TASK BRIEF ::
Once the images are set aside, print the remaining lines below exactly.

(Stored data entries)
*** Block opens ***

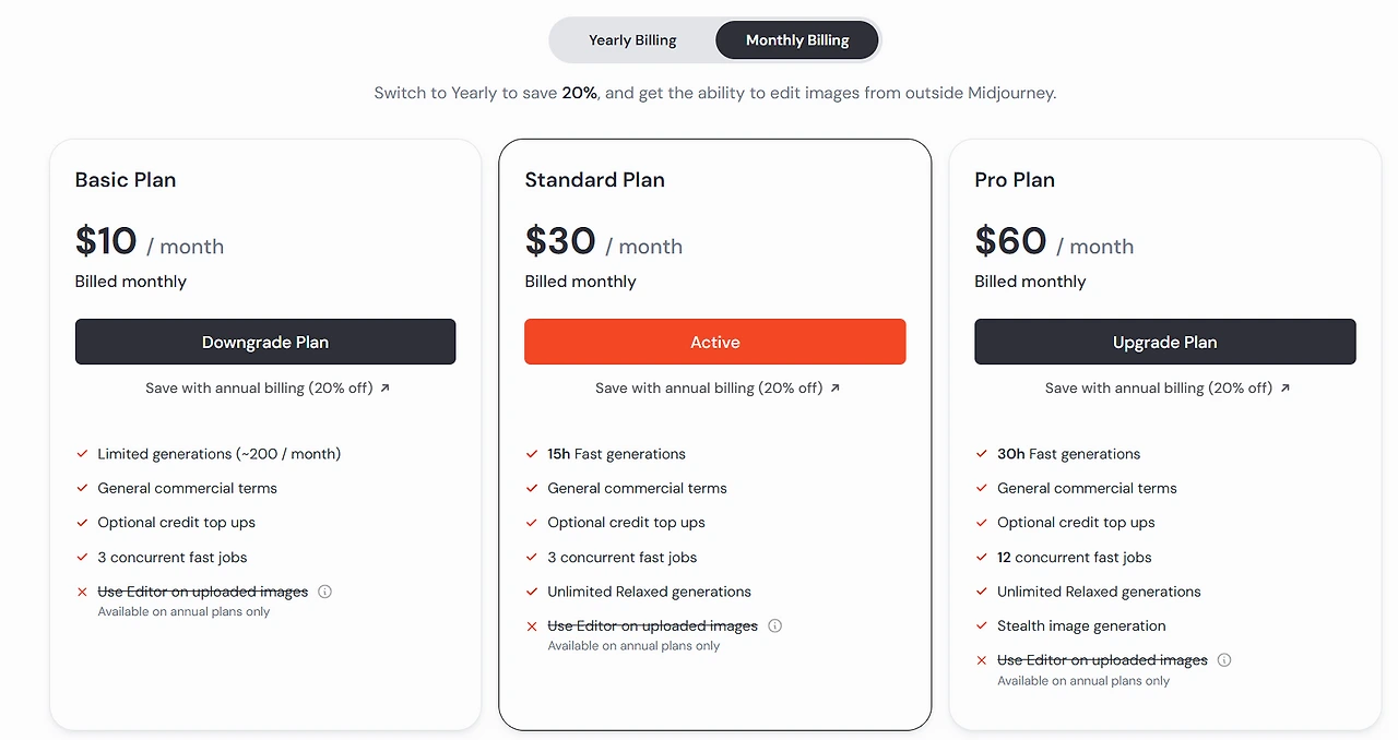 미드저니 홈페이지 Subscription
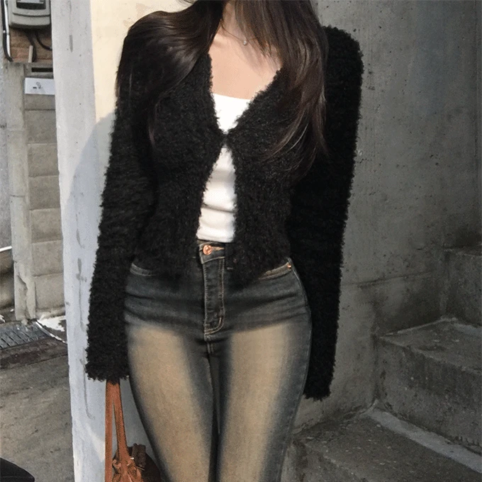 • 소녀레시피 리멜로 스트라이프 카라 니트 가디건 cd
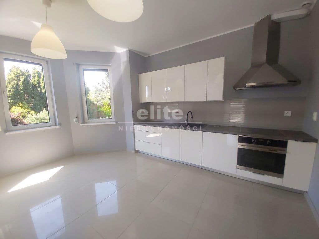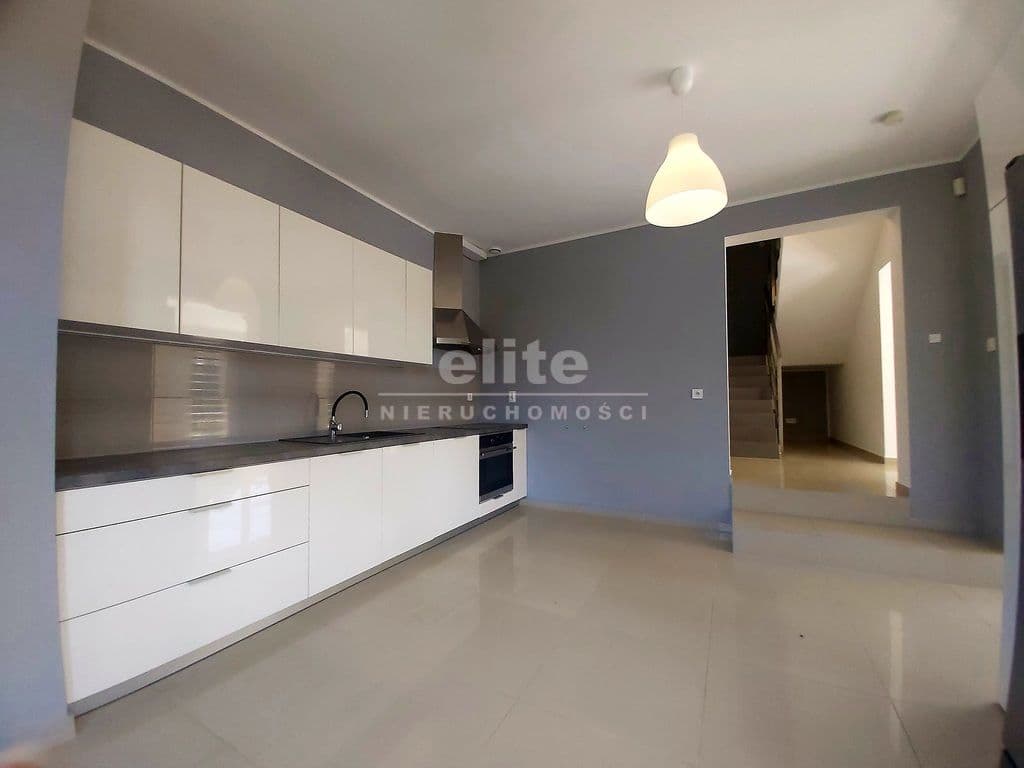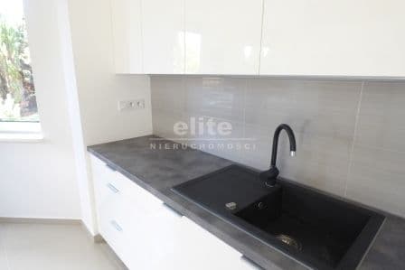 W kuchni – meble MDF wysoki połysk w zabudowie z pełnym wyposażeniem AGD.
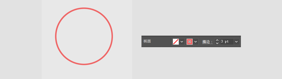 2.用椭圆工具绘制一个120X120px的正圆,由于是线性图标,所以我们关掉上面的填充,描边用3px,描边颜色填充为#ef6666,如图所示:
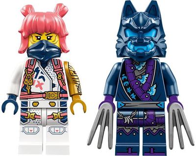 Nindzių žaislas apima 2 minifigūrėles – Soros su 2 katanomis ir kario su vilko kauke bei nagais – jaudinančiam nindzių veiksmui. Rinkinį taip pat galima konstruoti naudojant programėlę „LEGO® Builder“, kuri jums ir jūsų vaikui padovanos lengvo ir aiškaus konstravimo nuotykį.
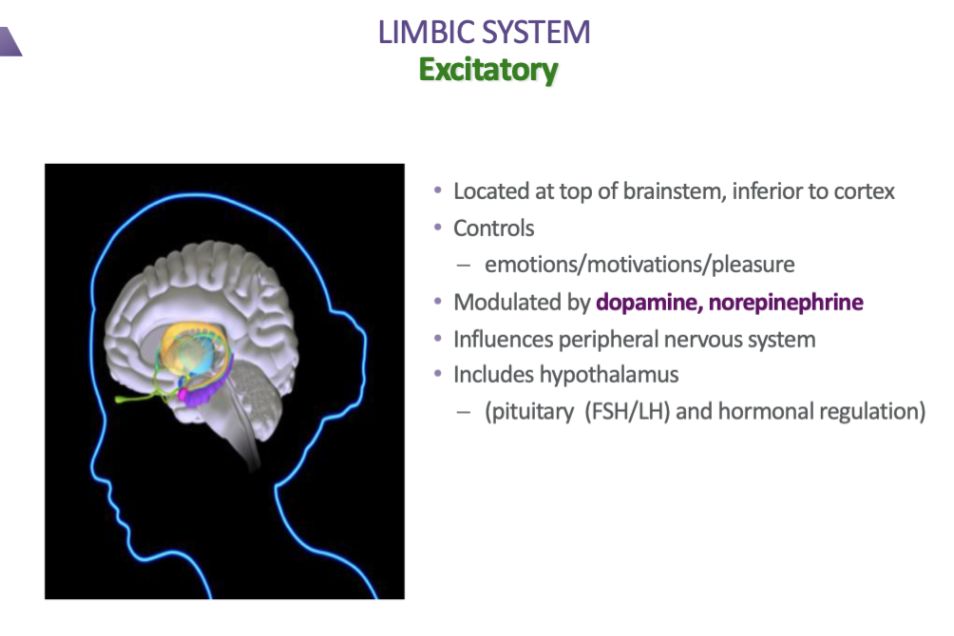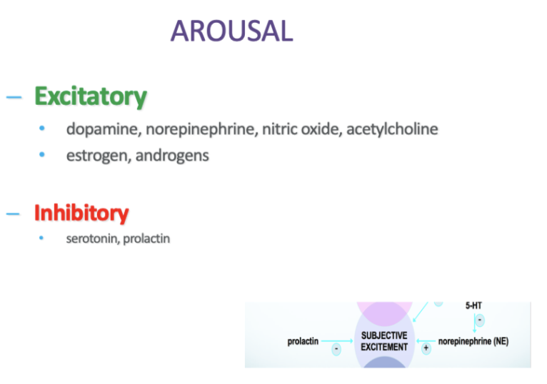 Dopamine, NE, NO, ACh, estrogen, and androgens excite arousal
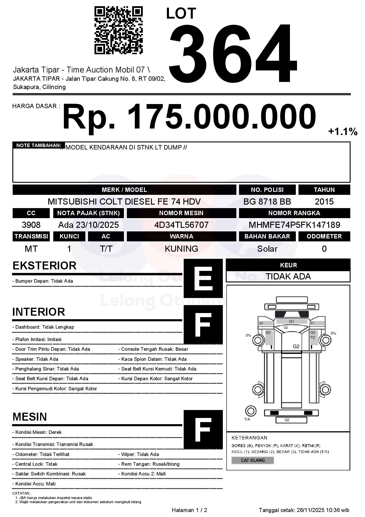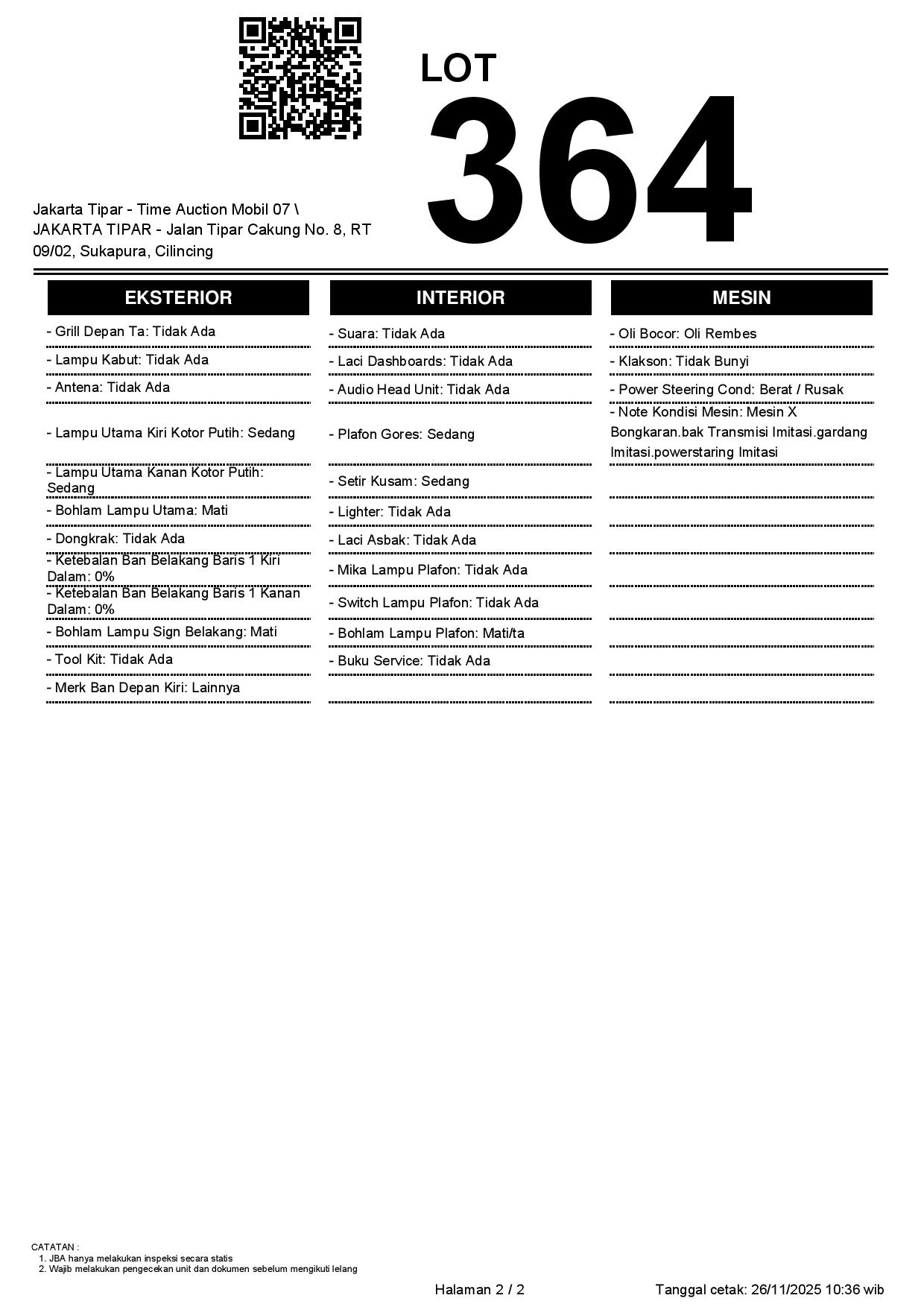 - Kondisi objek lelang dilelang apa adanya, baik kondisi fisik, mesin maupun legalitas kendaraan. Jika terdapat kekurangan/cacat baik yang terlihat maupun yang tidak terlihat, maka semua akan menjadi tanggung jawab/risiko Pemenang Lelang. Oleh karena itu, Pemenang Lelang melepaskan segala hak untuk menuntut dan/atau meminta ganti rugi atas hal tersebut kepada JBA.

*** Block closes ***

RESULT OF THE EXERCISE ::
 미드저니 홈페이지 Subscription
 • 소녀레시피 리멜로 스트라이프 카라 니트 가디건 cd
 W kuchni – meble MDF wysoki połysk w zabudowie z pełnym wyposażeniem AGD.
 2.用椭圆工具绘制一个120X120px的正圆,由于是线性图标,所以我们关掉上面的填充,描边用3px,描边颜色填充为#ef6666,如图所示:
 Nindzių žaislas apima 2 minifigūrėles – Soros su 2 katanomis ir kario su vilko kauke bei nagais – jaudinančiam nindzių veiksmui. Rinkinį taip pat galima konstruoti naudojant programėlę „LEGO® Builder“, kuri jums ir jūsų vaikui padovanos lengvo ir aiškaus konstravimo nuotykį.
 Dopamine, NE, NO, ACh, estrogen, and androgens excite arousal
 - Kondisi objek lelang dilelang apa adanya, baik kondisi fisik, mesin maupun legalitas kendaraan. Jika terdapat kekurangan/cacat baik yang terlihat maupun yang tidak terlihat, maka semua akan menjadi tanggung jawab/risiko Pemenang Lelang. Oleh karena itu, Pemenang Lelang melepaskan segala hak untuk menuntut dan/atau meminta ganti rugi atas hal tersebut kepada JBA.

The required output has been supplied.